::: Provided material :::

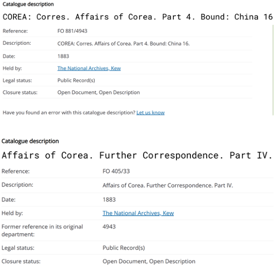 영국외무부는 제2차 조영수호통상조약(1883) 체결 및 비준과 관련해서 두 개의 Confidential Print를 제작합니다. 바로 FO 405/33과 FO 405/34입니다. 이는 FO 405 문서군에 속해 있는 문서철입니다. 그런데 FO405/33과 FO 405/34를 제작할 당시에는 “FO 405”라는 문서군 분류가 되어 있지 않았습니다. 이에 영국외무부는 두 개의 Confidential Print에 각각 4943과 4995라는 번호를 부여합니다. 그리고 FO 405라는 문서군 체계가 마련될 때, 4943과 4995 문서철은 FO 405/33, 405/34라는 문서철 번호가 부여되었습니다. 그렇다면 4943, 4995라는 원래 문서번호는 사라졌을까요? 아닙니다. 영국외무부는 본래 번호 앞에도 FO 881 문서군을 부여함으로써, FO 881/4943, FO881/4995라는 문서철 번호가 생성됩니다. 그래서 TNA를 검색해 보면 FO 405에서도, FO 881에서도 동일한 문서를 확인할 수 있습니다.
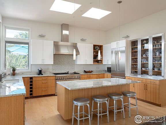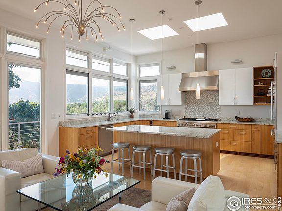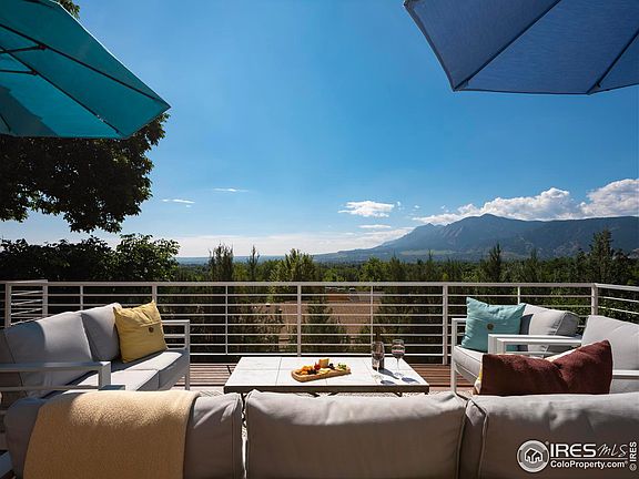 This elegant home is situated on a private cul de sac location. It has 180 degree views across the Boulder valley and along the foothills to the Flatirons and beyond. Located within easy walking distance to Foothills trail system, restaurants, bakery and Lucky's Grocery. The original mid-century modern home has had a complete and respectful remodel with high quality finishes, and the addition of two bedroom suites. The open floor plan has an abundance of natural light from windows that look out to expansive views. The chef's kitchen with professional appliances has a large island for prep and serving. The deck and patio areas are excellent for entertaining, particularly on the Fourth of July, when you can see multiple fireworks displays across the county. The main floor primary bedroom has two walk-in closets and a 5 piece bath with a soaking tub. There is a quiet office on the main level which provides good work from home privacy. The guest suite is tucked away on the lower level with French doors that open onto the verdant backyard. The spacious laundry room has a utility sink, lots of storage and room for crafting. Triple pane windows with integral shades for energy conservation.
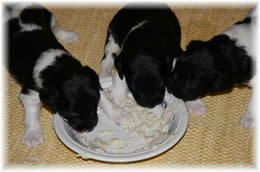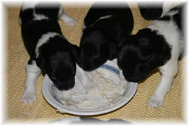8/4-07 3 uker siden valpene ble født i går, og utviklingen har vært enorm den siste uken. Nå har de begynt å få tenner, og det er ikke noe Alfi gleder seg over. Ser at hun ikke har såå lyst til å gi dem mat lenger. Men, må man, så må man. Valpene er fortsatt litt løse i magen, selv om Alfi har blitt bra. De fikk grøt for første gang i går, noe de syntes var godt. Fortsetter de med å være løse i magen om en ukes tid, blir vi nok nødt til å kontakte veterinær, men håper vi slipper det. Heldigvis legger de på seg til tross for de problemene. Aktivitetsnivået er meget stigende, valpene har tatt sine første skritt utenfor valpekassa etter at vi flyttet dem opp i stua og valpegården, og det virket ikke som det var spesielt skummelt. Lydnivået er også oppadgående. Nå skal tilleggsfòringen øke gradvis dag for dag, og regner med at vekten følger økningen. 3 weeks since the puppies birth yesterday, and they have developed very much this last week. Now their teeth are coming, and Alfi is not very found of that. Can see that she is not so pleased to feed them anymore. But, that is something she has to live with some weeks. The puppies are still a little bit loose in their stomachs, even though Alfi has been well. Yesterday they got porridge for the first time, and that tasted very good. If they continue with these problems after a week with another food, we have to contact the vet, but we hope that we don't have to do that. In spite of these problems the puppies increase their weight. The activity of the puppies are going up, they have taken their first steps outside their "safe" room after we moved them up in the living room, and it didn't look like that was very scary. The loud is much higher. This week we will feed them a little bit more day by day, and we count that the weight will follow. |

:::

Your instructions: All of the lines above should be retyped precisely, apart from the pictures.

Answer to this exercise:
 영국외무부는 제2차 조영수호통상조약(1883) 체결 및 비준과 관련해서 두 개의 Confidential Print를 제작합니다. 바로 FO 405/33과 FO 405/34입니다. 이는 FO 405 문서군에 속해 있는 문서철입니다. 그런데 FO405/33과 FO 405/34를 제작할 당시에는 “FO 405”라는 문서군 분류가 되어 있지 않았습니다. 이에 영국외무부는 두 개의 Confidential Print에 각각 4943과 4995라는 번호를 부여합니다. 그리고 FO 405라는 문서군 체계가 마련될 때, 4943과 4995 문서철은 FO 405/33, 405/34라는 문서철 번호가 부여되었습니다. 그렇다면 4943, 4995라는 원래 문서번호는 사라졌을까요? 아닙니다. 영국외무부는 본래 번호 앞에도 FO 881 문서군을 부여함으로써, FO 881/4943, FO881/4995라는 문서철 번호가 생성됩니다. 그래서 TNA를 검색해 보면 FO 405에서도, FO 881에서도 동일한 문서를 확인할 수 있습니다.
 This elegant home is situated on a private cul de sac location. It has 180 degree views across the Boulder valley and along the foothills to the Flatirons and beyond. Located within easy walking distance to Foothills trail system, restaurants, bakery and Lucky's Grocery. The original mid-century modern home has had a complete and respectful remodel with high quality finishes, and the addition of two bedroom suites. The open floor plan has an abundance of natural light from windows that look out to expansive views. The chef's kitchen with professional appliances has a large island for prep and serving. The deck and patio areas are excellent for entertaining, particularly on the Fourth of July, when you can see multiple fireworks displays across the county. The main floor primary bedroom has two walk-in closets and a 5 piece bath with a soaking tub. There is a quiet office on the main level which provides good work from home privacy. The guest suite is tucked away on the lower level with French doors that open onto the verdant backyard. The spacious laundry room has a utility sink, lots of storage and room for crafting. Triple pane windows with integral shades for energy conservation.
8/4-07 3 uker siden valpene ble født i går, og utviklingen har vært enorm den siste uken. Nå har de begynt å få tenner, og det er ikke noe Alfi gleder seg over. Ser at hun ikke har såå lyst til å gi dem mat lenger. Men, må man, så må man. Valpene er fortsatt litt løse i magen, selv om Alfi har blitt bra. De fikk grøt for første gang i går, noe de syntes var godt. Fortsetter de med å være løse i magen om en ukes tid, blir vi nok nødt til å kontakte veterinær, men håper vi slipper det. Heldigvis legger de på seg til tross for de problemene. Aktivitetsnivået er meget stigende, valpene har tatt sine første skritt utenfor valpekassa etter at vi flyttet dem opp i stua og valpegården, og det virket ikke som det var spesielt skummelt. Lydnivået er også oppadgående. Nå skal tilleggsfòringen øke gradvis dag for dag, og regner med at vekten følger økningen. 3 weeks since the puppies birth yesterday, and they have developed very much this last week. Now their teeth are coming, and Alfi is not very found of that. Can see that she is not so pleased to feed them anymore. But, that is something she has to live with some weeks. The puppies are still a little bit loose in their stomachs, even though Alfi has been well. Yesterday they got porridge for the first time, and that tasted very good. If they continue with these problems after a week with another food, we have to contact the vet, but we hope that we don't have to do that. In spite of these problems the puppies increase their weight. The activity of the puppies are going up, they have taken their first steps outside their "safe" room after we moved them up in the living room, and it didn't look like that was very scary. The loud is much higher. This week we will feed them a little bit more day by day, and we count that the weight will follow. |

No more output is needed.